如果不指定–eviction-hard，则使用如下默认值

//pkg/kubelet/apis/config/v1beta1/default_linux.go
// DefaultEvictionHard includes default options for hard eviction.
var DefaultEvictionHard = map[string]string{
	"memory.available":  "100Mi",
	"nodefs.available":  "10%",
	"nodefs.inodesFree": "5%",
	"imagefs.available": "15%",
}

驱逐的这些参数都可以在KubeletConfiguration文件中指定，只需要指定驱逐信号和对应的数值即可，操作符默认为小于，具体可参考官网

4. node健康状况
当达到软驱逐(不用等到grace period)或者硬驱逐阈值后，kubelet就会向api-server报告node的健康状况，反应出node的压力。

驱逐信号和node健康状况的关系如下表
在这里插入图片描述

有些情况下，node健康状况可能会在软阈值上下波动，时而健康时而有压力，导致错误的驱逐决定。为了防止这种情况，可以使用参数–eviction-pressure-transition-period来控制node健康状况至少多久变化一次，默认值为5分钟

5. 驱逐pod选择
如果kubelet回收node级别的资源后仍然在阈值之上，则需要驱逐用户创建的pod。影响选择pod进行驱逐的因素如下：
a. 是否pod的资源使用超过了请求值
b. pod的优先级
c. pod的资源使用值和请求值的比例

根据上面三个因素，kubelet排序后进行驱逐pod的顺序如下：
a. 资源使用值超过了请求值的BestEffort和Burstable级别的pod。根据他们的pod优先级和超出请求值的多少进行驱逐
b. 资源使用值小于请求值的Guaranteed和Burstable级别的pod。根据他们的pod优先级进行驱逐

6. 最小回收资源
有些情况下，驱逐pod只能回收很少的一部分资源，可能导致kubelet频繁的执行达到阈值/进行驱逐的过程，为了防止这种情况，可以使用参数–eviction-minimum-reclaim为每种资源配置最小回收数值，当kubelet执行驱逐时，回收的资源会额外加上–eviction-minimum-reclaim指定的值。默认值为0

举例如下，当nodefs.available达到驱逐阈值后，kubelet开始驱逐回收资源直到可用资源达到1G，此时还会继续回收直到达到1.5G才会停止

apiVersion: kubelet.config.k8s.io/v1beta1
kind: KubeletConfiguration
evictionHard:
  memory.available: "500Mi"
  nodefs.available: "1Gi"
  imagefs.available: "100Gi"
evictionMinimumReclaim:
  memory.available: "0Mi"
  nodefs.available: "500Mi"
  imagefs.available: "2Gi"

7. KernelMemcgNotification
kubelet会启动协程周期检查是否达到驱逐阈值，如果有个很重要的pod内存使用增长很快的话，即使达到内存阈值了，kubelet也可能不能及时发现，最终oomkill掉此pod，如果kubelet能及时发现，就能驱逐其他低优先级的pod释放资源给这个高优先级的pod使用。
此时可以使用参数–kernel-memcg-notification使能memcg机制，kubelet会使用epoll监听，当达到阈值后，kubelet能很快得到通知，及时执行驱逐流程。

源码分析

1. 解析驱逐阈值配置
KubeletConfiguration文件中的驱逐阈值相关配置最终会保存到如下结构体中，Thresholds用来保存软驱逐阈值及其grace period，硬驱逐阈值。
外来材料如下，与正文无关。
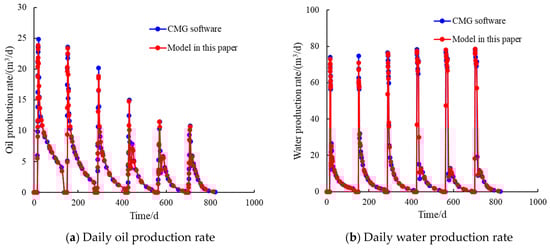 To validate the effectiveness of the model, the simulation results were compared with those obtained from the commercial software CMG 2021, as shown in Figure 1. The figure shows that the initial production rate is high after the soaking period and then declines rapidly. Due to the continuous production of crude oil from the near-wellbore region, the peak production rate of each cycle gradually decreases. To quantitatively assess the matching accuracy, we calculated the Root Mean Square Error (RMSE). This was computed by creating a unified time axis of all output steps from both models over the entire simulation period (0–820 days, 434 total points) and using linear interpolation. The calculation shows an RMSE of 0.26 m3/d for the daily oil rate (Figure 1a), which is a low relative error of ~1.04% of the peak production range (~25 m3/d). The RMSE for the daily water rate (Figure 1b) is 0.80 m3/d, representing a relative error of ~1.00% of its peak range (~80 m3/d). Both low relative errors quantitatively confirm the high consistency between our model and the CMG software.
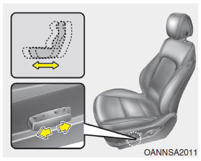 The front seat can be adjusted by using the control knobs located on the outside of the seat cushion. Before driving, adjust the seat to the proper position so as to easily control the steering wheel, ...

// Config holds information about how eviction is configured.
type Config struct {
	// PressureTransitionPeriod is duration the kubelet has to wait before transitioning out of a pressure condition.
	PressureTransitionPeriod time.Duration
	// Maximum allowed grace period (in seconds) to use when terminating pods in response to a soft eviction threshold being met.
	MaxPodGracePeriodSeconds int64
	// Thresholds define the set of conditions monitored to trigger eviction.
	Thresholds []evictionapi.Threshold
	// KernelMemcgNotification if true will integrate with the kernel memcg notification to determine if memory thresholds are crossed.
	KernelMemcgNotification bool
	// PodCgroupRoot is the cgroup which contains all pods.
	PodCgroupRoot string
}

// Threshold defines a metric for when eviction should occur.
type Threshold struct {
	// Signal defines the entity that was measured.
	Signal Signal
	// Operator represents a relationship of a signal to a value.
	Operator ThresholdOperator
	// Value is the threshold the resource is evaluated against.
	Value ThresholdValue
	// GracePeriod represents the amount of time that a threshold must be met before eviction is triggered.
	GracePeriod time.Duration
	// MinReclaim represents the minimum amount of resource to reclaim if the threshold is met.
	MinReclaim *ThresholdValue
}

调用ParseThresholdConfig解析用户配置

//pkg/kubelet/kubelet.go
func NewMainKubelet(...)
	thresholds, err := eviction.ParseThresholdConfig(enforceNodeAllocatable, kubeCfg.EvictionHard, kubeCfg.EvictionSoft, kubeCfg.EvictionSoftGracePeriod, kubeCfg.EvictionMinimumReclaim)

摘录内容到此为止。